El próximo 7 de agosto, Abelardo de la Espriella asumirá la presidencia de Colombia enfrentando un panorama económico y energético sumamente complejo. El país cafetero se encuentra en una encrucijada marcada por un creciente déficit fiscal, una deuda pública que no para de aumentar y reservas energéticas en declive. Los mercados internacionales observan con atención los primeros movimientos del flamante mandatario ante un escenario que exige decisiones urgentes.
La economía colombiana muestra signos de desaceleración preocupantes. Con proyecciones de crecimiento del Producto Interno Bruto por debajo del promedio histórico para 2026, impulsadas principalmente por el consumo privado y el gasto público, se percibe una falta de motores de desarrollo a largo plazo. La inversión se mantiene baja, lo que restringe las posibilidades de expansión y genera alertas sobre un posible escenario de estanflación si las expectativas inflacionarias se desanclan.

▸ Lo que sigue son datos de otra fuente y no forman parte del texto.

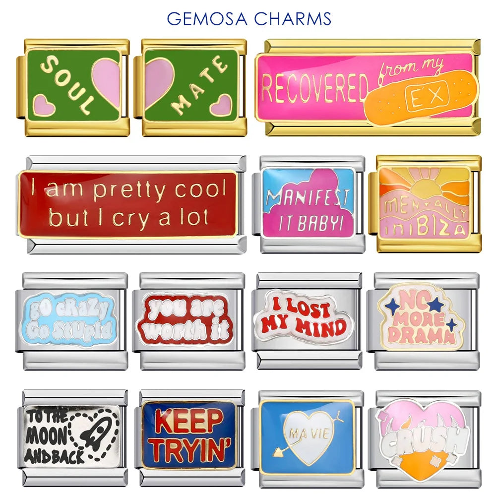 Mit den Sprüche-Charms kannst du deine Stimmung und Persönlichkeit ausdrücken. Diese charmanten Anhänger aus hochwertigem Edelstahl sind nicht nur modische Accessoires, sondern auch eine Erinnerung an deine Lebensphilosophie. Perfekt, um deinem Armband eine persönliche und kraftvolle Note zu verleihen.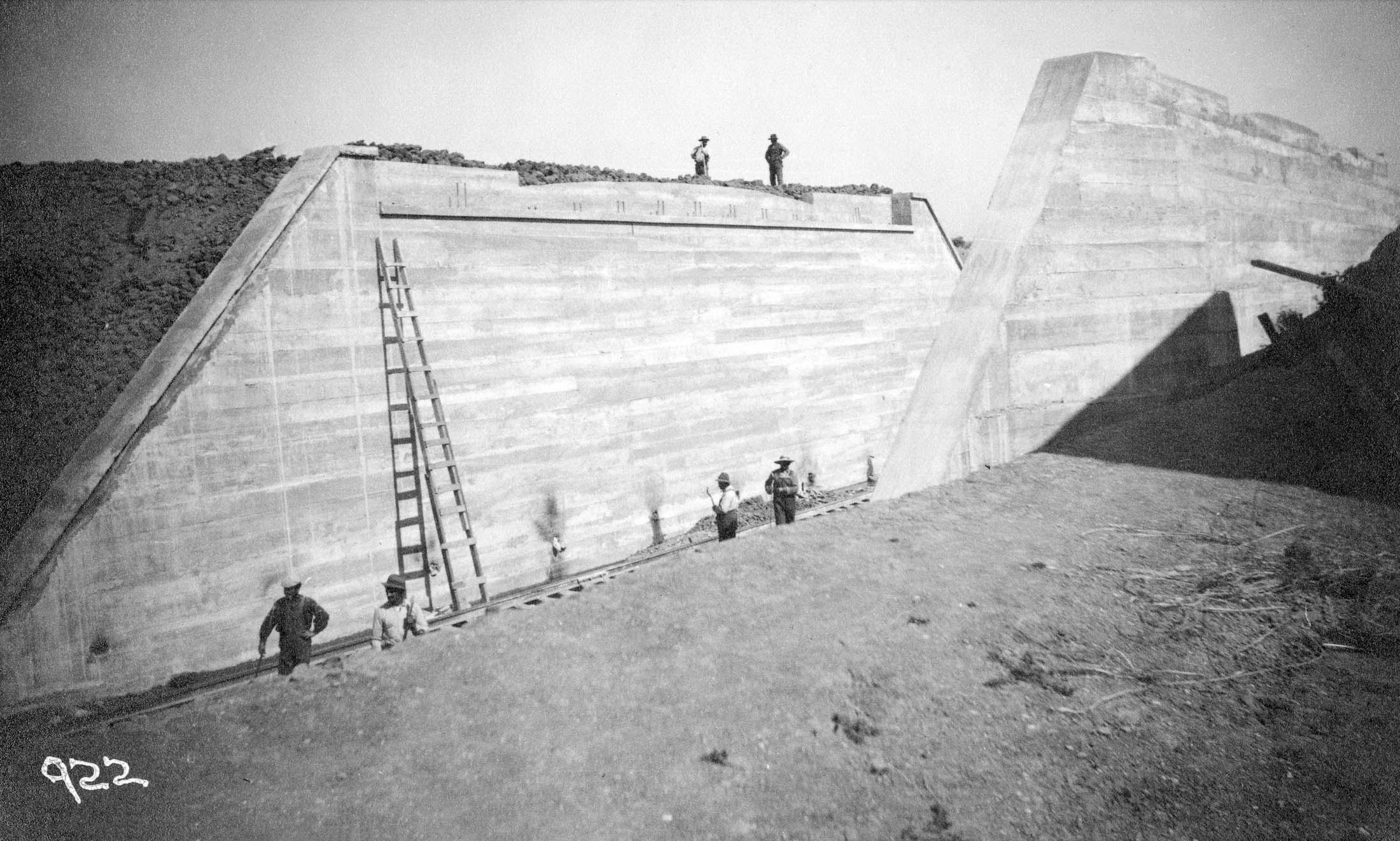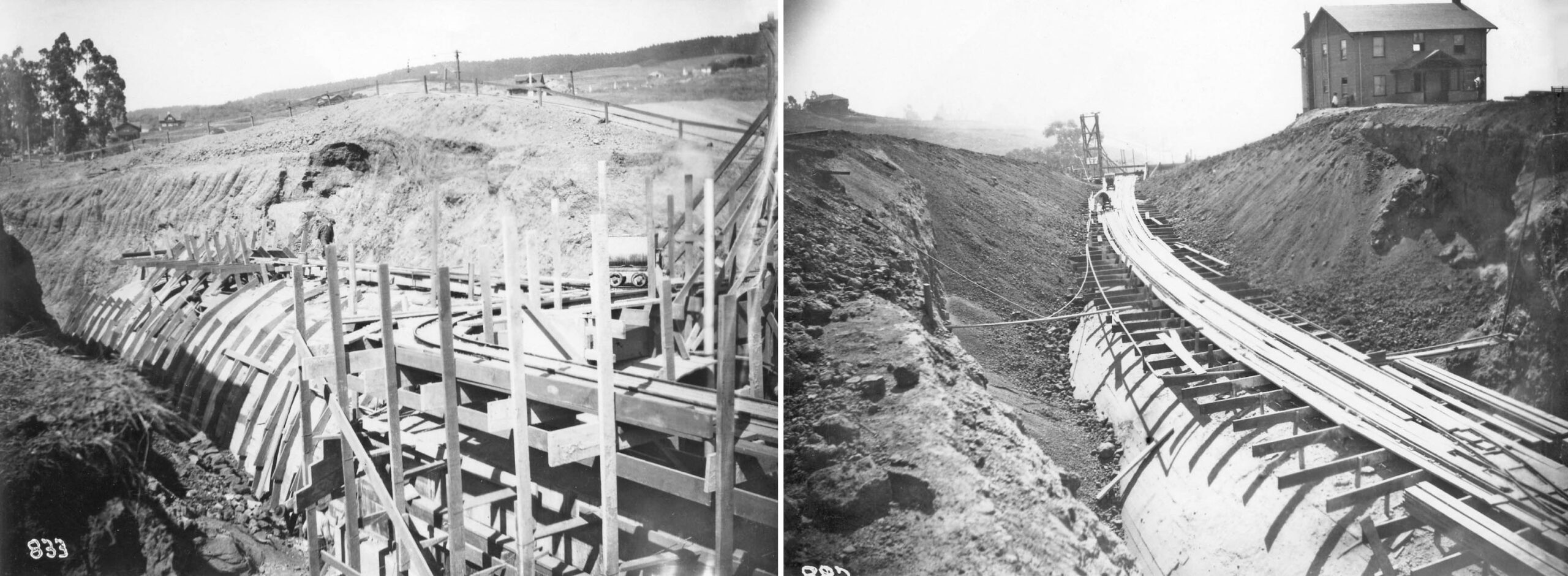 The north view on the left continues the sequence from Aug. 20, 1910 as concrete is ready to be added to the frame. Note the narrow gauge track on top of the supports used to transport materials. On the right, a west view of the tunnel wall now formed by concrete ready to be covered in dirt on Oct 10, 1910.

A esta delicada situación se suma la amenaza inminente del fenómeno de El Niño, con una probabilidad superior al 95% de concretarse. Este escenario climático agravaría la ya crítica situación energética, elevando el riesgo de cortes de luz y afectando la economía nacional. La autosuficiencia energética de Colombia está en riesgo, con reservas probadas de petróleo y gas natural que apenas alcanzan para unos pocos años, lo que podría llevar a una mayor dependencia de importaciones en un futuro cercano.
Las finanzas públicas representan una verdadera «bomba de tiempo», según expertos. El déficit fiscal ronda el 6,7% del PIB, una cifra alarmante que exige un ajuste significativo. La deuda pública, por su parte, absorbe una porción considerable de la recaudación tributaria, y la calificación crediticia del país ha sido degradada, encareciendo aún más el endeudamiento. El gobierno entrante deberá implementar medidas de austeridad, revisar subsidios y buscar nuevas fuentes de ingresos para estabilizar las cuentas nacionales.
Además, el futuro de Ecopetrol, la principal empresa estatal, es incierto tras una importante caída en sus utilidades. De la Espriella ha manifestado su intención de impulsar técnicas como el fracking y realizar una auditoría internacional para revertir la situación. Otro punto clave será la decisión sobre la administración del Fondo Nacional del Café, vital para miles de familias productoras, cuyo contrato con la Federación Nacional de Cafeteros vence a fin de año.